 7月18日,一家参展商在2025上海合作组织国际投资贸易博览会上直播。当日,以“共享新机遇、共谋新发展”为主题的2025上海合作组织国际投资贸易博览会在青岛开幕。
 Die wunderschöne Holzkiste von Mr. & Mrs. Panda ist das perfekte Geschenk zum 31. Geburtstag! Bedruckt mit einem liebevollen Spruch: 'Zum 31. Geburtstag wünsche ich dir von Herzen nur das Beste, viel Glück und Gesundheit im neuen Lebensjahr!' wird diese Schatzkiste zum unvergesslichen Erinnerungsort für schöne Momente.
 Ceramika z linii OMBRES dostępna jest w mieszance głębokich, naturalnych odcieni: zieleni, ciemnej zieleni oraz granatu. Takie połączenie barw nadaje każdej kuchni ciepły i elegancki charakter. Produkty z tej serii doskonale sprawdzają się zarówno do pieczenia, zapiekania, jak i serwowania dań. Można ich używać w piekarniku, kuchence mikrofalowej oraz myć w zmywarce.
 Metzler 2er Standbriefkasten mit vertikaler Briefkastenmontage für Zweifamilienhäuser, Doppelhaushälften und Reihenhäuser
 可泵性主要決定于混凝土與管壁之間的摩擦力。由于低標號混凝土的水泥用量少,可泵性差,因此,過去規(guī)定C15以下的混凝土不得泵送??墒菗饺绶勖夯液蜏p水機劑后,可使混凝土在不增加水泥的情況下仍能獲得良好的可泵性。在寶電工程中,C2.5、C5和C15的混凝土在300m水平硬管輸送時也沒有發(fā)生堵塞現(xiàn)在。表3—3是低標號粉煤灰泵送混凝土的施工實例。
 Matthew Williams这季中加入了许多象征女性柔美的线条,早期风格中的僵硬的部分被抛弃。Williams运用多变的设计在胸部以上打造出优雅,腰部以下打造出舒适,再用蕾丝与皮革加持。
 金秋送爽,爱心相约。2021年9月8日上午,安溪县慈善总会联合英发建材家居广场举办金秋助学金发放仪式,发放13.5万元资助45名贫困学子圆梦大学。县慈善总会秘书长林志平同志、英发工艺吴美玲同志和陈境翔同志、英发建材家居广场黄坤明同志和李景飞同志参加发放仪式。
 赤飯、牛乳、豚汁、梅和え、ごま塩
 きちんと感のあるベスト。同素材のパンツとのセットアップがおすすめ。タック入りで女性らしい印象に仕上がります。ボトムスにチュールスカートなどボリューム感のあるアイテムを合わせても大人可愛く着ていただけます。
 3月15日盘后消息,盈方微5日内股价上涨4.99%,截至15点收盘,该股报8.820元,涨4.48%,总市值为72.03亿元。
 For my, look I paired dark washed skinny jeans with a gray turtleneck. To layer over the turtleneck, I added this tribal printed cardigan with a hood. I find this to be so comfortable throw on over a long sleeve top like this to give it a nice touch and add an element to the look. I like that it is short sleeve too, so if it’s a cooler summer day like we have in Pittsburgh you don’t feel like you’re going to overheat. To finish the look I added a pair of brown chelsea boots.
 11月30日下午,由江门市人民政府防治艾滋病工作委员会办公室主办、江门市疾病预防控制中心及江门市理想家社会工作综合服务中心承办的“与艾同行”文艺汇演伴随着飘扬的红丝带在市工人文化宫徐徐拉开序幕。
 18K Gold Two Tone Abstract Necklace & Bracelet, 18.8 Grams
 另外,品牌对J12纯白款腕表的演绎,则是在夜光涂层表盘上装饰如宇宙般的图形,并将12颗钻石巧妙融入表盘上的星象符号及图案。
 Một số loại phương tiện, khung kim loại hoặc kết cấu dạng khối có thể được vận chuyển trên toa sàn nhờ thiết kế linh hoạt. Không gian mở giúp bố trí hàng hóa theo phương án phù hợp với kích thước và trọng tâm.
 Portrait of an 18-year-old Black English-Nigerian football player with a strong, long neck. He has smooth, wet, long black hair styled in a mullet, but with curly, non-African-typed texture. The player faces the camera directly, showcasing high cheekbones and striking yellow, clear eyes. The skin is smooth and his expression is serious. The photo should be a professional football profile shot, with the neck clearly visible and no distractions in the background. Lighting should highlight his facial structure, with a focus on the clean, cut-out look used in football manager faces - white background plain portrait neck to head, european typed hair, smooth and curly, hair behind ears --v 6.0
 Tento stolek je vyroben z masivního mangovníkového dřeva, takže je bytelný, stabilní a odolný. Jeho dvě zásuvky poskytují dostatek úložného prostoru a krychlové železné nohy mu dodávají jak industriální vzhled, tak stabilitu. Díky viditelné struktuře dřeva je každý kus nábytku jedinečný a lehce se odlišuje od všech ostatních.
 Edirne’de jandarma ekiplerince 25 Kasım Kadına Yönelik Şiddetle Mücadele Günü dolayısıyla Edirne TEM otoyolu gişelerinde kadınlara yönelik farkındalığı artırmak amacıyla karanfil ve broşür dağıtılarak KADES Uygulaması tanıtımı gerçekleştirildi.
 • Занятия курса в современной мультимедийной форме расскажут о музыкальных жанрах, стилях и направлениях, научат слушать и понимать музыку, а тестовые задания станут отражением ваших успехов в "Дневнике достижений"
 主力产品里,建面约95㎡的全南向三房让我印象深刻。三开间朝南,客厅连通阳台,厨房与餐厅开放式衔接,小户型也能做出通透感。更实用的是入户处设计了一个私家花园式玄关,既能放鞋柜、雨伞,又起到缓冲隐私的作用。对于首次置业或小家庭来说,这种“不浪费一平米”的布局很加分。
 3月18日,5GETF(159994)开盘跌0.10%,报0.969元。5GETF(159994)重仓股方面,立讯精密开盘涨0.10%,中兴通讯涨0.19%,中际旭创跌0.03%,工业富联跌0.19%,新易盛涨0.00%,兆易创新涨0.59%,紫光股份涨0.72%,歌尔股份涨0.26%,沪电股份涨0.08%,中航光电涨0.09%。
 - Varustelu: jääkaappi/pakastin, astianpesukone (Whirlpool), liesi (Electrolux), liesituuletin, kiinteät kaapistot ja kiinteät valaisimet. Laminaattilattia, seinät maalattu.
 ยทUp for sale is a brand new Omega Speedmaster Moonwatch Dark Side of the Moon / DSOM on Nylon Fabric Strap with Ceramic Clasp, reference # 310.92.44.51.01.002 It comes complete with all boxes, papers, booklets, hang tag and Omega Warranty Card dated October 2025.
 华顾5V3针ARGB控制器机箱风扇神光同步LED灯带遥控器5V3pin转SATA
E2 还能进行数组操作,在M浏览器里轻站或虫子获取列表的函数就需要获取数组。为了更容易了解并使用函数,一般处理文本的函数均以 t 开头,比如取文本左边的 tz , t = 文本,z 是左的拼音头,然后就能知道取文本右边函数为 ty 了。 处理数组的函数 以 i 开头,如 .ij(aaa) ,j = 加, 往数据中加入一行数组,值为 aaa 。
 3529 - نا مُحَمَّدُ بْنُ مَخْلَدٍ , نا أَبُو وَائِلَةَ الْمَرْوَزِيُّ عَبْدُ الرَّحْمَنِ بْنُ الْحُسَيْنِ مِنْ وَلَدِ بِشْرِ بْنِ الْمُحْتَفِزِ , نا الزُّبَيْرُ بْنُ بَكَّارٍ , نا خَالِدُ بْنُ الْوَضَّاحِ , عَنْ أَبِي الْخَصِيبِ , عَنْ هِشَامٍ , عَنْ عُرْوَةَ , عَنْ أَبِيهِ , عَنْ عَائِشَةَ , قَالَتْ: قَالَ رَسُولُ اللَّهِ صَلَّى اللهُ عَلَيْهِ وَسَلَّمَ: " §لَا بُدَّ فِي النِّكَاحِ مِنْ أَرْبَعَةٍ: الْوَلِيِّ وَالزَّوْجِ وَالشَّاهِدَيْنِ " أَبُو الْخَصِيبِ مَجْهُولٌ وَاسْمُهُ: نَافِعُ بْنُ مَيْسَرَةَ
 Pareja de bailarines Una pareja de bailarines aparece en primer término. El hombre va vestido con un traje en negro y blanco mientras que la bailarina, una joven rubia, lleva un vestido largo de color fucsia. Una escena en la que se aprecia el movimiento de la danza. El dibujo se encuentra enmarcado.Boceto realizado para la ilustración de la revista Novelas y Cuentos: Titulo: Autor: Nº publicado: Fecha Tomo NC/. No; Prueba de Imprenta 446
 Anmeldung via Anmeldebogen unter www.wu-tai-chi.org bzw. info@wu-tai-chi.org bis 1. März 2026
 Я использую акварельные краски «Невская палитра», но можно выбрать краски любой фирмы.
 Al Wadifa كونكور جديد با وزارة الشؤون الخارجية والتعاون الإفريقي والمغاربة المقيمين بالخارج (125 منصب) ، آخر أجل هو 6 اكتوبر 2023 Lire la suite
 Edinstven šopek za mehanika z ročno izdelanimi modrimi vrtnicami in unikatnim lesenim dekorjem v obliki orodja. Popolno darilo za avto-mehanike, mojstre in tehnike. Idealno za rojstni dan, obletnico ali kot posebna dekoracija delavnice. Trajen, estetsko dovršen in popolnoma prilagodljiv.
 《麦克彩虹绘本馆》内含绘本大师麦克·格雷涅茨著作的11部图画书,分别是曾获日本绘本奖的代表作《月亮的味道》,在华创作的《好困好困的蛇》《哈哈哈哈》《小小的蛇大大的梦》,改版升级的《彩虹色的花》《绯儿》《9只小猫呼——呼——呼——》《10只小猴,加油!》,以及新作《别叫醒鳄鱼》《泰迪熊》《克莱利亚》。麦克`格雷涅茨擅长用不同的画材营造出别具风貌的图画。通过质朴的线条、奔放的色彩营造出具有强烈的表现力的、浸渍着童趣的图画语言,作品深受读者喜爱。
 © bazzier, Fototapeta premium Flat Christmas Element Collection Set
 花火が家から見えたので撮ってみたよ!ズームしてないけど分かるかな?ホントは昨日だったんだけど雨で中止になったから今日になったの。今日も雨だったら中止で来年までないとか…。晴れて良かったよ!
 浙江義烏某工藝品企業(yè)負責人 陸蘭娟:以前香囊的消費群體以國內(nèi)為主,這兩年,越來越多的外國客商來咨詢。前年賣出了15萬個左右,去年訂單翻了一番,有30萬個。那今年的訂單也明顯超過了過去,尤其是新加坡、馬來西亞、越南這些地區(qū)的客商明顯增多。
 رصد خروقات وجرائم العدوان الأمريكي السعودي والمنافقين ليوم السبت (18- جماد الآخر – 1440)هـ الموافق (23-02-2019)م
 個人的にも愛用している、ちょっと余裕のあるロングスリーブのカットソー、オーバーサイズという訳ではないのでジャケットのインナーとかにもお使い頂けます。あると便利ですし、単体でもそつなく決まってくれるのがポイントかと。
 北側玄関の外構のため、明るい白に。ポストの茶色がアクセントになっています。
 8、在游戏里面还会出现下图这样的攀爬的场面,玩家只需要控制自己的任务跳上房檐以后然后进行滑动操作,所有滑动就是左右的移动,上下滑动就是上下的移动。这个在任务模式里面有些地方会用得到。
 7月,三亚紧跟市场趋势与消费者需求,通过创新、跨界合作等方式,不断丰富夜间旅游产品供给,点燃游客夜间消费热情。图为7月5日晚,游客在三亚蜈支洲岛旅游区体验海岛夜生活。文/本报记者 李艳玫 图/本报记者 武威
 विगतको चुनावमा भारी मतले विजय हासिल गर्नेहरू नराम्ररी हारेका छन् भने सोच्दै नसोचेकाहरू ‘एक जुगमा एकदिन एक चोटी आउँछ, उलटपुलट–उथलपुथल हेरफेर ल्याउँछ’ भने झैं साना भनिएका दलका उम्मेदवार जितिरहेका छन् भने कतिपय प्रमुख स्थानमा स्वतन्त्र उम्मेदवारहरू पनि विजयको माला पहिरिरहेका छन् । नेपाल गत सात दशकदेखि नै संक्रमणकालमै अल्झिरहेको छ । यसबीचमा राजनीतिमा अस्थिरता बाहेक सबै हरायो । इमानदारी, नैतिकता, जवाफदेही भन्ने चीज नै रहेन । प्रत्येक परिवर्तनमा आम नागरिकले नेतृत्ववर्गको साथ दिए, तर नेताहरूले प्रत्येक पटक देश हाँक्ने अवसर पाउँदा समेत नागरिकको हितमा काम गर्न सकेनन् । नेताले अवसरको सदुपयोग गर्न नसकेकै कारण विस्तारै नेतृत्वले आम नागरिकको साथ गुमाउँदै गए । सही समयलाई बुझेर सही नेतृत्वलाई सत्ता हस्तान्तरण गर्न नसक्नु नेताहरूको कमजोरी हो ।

# # # #

▸ **Work item**
Transcribe the material exactly, stopping after the "Die wunderschöne Holzkiste" line.

▸ **Response below**
 7月18日,一家参展商在2025上海合作组织国际投资贸易博览会上直播。当日,以“共享新机遇、共谋新发展”为主题的2025上海合作组织国际投资贸易博览会在青岛开幕。
 Die wunderschöne Holzkiste von Mr. & Mrs. Panda ist das perfekte Geschenk zum 31. Geburtstag! Bedruckt mit einem liebevollen Spruch: 'Zum 31. Geburtstag wünsche ich dir von Herzen nur das Beste, viel Glück und Gesundheit im neuen Lebensjahr!' wird diese Schatzkiste zum unvergesslichen Erinnerungsort für schöne Momente.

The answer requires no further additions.